Abstract

Objectives: Current guidelines advise a single biphasic shock followed by chest compressions; however, it is unclear if this applies to all waveforms and energy levels. We conducted a systematic review and meta-analysis of the literature to determine the comparative success rates for single-shock defibrillation across waveforms evaluated in out-of-hospital cardiac arrest patients presenting in Ventricular Fibrillation. Methods: A comprehensive search strategy was used across Embase, Medline, Cochrane libraries, dissertation abstracts and clinicaltrials.gov, and unpublished data was sought.

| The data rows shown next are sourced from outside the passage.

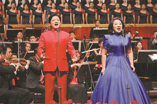 音乐会上,著名男高音歌唱家、香港歌剧院艺术总监莫华伦携手著名女高音歌唱家崔峥嵘合唱了主旋律歌曲《不忘初心》。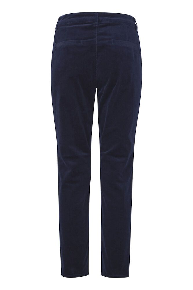 Høj-taljet buks med skrålommer, fast linning med bæltestropper samt smalle ben.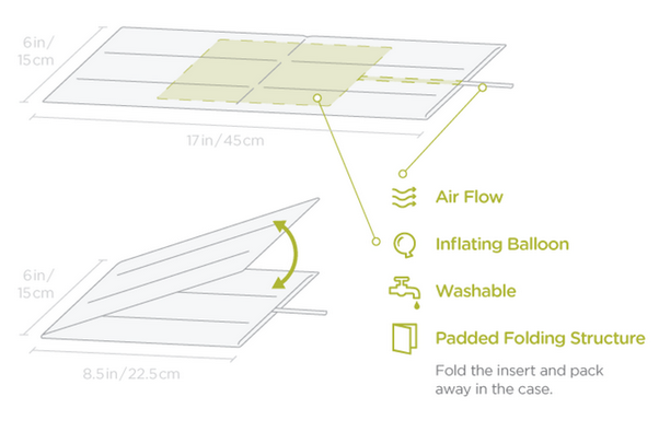 气囊是纤维制成的,只带一个充气管,没有任何电子器件,因而不用担心对身体产生不良影响,且支持水洗和折叠。Nora的尺寸适合任何硬度和形状的枕头,只要在睡前将气囊放入枕头内即可。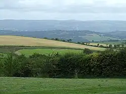 The coast of Ceredigion is made up of a long coastal plain that contains high cliffs, coves, large bays and estuaries. The coastal plain gets narrower towards the more mountainous north of the county [1] and is cut by the wide estuaries of the Teifi and the Dyfi.[2] The broad and fertile Teifi valley is ideal for dairy farming and mixed farming.[3][4] Heavy rainfall washes the minerals out of the soil and results in the mountainous areas of the county having relatively poorer, acidic soils. The plough line can be as low as 700 feet, which restricts cultivation.[5][6]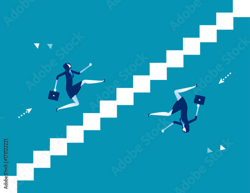 business, businessperson, businessperson, stair, concept, moving up, adult, balance, challenge, conflict, illustration, running, stepping, vector, speed, creative, idea, flat, abstract, arrow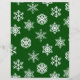 Festliches Weihnachtskonzept mit weißen Schneeflocken auf grünem Hintergrund. Ideal für Weihnachts-Scrapbooking oder ähnliche Handwerksprojekte.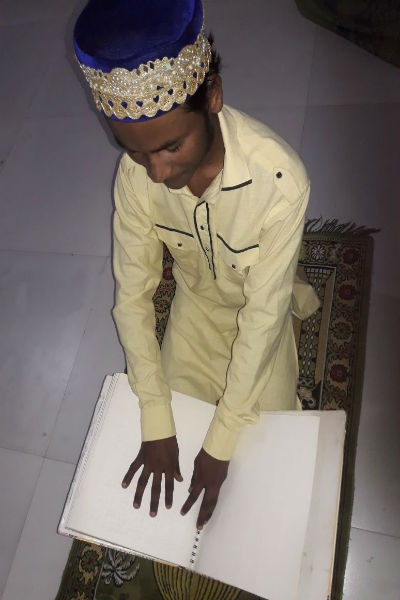 He has learned Arabic Braille from our madarsa now "he is pursuing Qari course" alhamdolillah!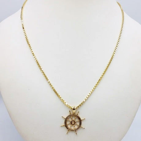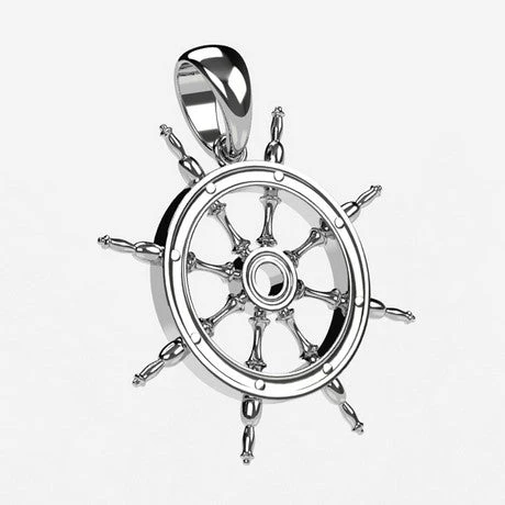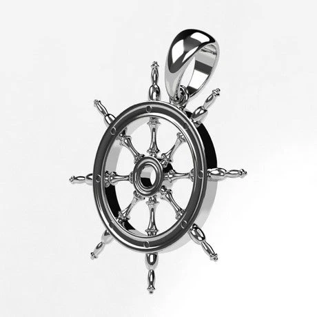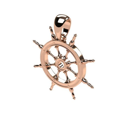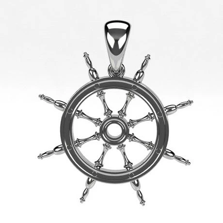 Avec ce design, nous avons voulu présenté un pendentif sobre, mais bien reconnaissable de ce type de gouvernail à roue, sachant que la forme circulaire se prête bien à une multitude de personnalisations possibles avec des pierres serties sur le pourtour de la roue ou bien en placant une ancre de marine au centre de la roue.

Two investigators independently reviewed titles, abstracts and full texts in a hierarchical manner for study eligibility with a quadratic kappa score at each level. Two authors abstracted data independently, and the quality of the articles was assessed using the Jadad scale. Outcomes were termination of fibrillation to any rhythm (TOF), return of organized rhythm (ROOR) and return of spontaneous circulation (ROSC). Results: A total of 3,281 potentially relevant citations were identified and of these 7 RCTs were selected with Kappa values of titles 0.53, abstract 0.71, and article 0.94. Mean quality scores varied from 1-2.5/3. First-biphasic shock success (pooled mean) for TOF were similar: Biphasic Truncated Exponential (BTE) 200J 90.5%, BTE 150J 89.9%, Rectilinear Biphasic (RLB) 120J 84.9% but were lower and divergent for both ROOR BTE 200J 43%, BTE 150J 38%, RLB 23% and ROSC; BTE 200J 39%, BTE 150J 78%, RLB 46%. Median time to first shock (min) varied across trials (5.1 BTE 200/150J, 10.4 RLB) and may contribute to observed differences. Conclusion: First shock success rates as measured by the industry standard of TOF do not significantly differ across biphasic waveforms and energy levels.